The first line of the data below and every line after it, through the one with "Segundo o Corpo", must be transcribed without change.

= Records from a data source =
----------------------------------------

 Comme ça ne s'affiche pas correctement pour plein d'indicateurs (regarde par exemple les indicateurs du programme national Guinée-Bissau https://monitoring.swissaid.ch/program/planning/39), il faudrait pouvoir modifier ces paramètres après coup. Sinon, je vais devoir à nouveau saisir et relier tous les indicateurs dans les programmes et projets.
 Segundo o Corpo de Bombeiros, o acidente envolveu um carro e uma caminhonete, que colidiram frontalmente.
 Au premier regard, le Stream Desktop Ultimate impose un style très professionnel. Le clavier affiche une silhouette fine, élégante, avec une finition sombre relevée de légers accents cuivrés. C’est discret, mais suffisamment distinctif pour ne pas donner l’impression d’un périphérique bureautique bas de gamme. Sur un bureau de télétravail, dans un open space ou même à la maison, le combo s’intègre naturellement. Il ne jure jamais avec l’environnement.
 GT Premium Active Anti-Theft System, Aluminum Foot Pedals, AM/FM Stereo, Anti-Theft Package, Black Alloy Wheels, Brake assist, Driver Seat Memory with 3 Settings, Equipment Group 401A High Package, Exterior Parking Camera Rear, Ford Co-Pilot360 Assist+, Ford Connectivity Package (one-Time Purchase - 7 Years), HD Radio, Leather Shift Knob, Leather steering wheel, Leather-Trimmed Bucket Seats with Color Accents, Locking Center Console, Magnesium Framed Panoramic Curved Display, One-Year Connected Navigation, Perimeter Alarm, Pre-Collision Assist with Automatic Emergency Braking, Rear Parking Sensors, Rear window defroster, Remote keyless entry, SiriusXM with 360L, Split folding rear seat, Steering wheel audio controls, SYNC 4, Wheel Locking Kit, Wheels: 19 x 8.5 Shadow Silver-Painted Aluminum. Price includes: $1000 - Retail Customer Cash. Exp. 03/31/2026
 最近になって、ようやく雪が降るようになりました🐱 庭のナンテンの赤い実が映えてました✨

----------------------------------------

= ANSWER BELOW =
 Comme ça ne s'affiche pas correctement pour plein d'indicateurs (regarde par exemple les indicateurs du programme national Guinée-Bissau https://monitoring.swissaid.ch/program/planning/39), il faudrait pouvoir modifier ces paramètres après coup. Sinon, je vais devoir à nouveau saisir et relier tous les indicateurs dans les programmes et projets.
 Segundo o Corpo de Bombeiros, o acidente envolveu um carro e uma caminhonete, que colidiram frontalmente.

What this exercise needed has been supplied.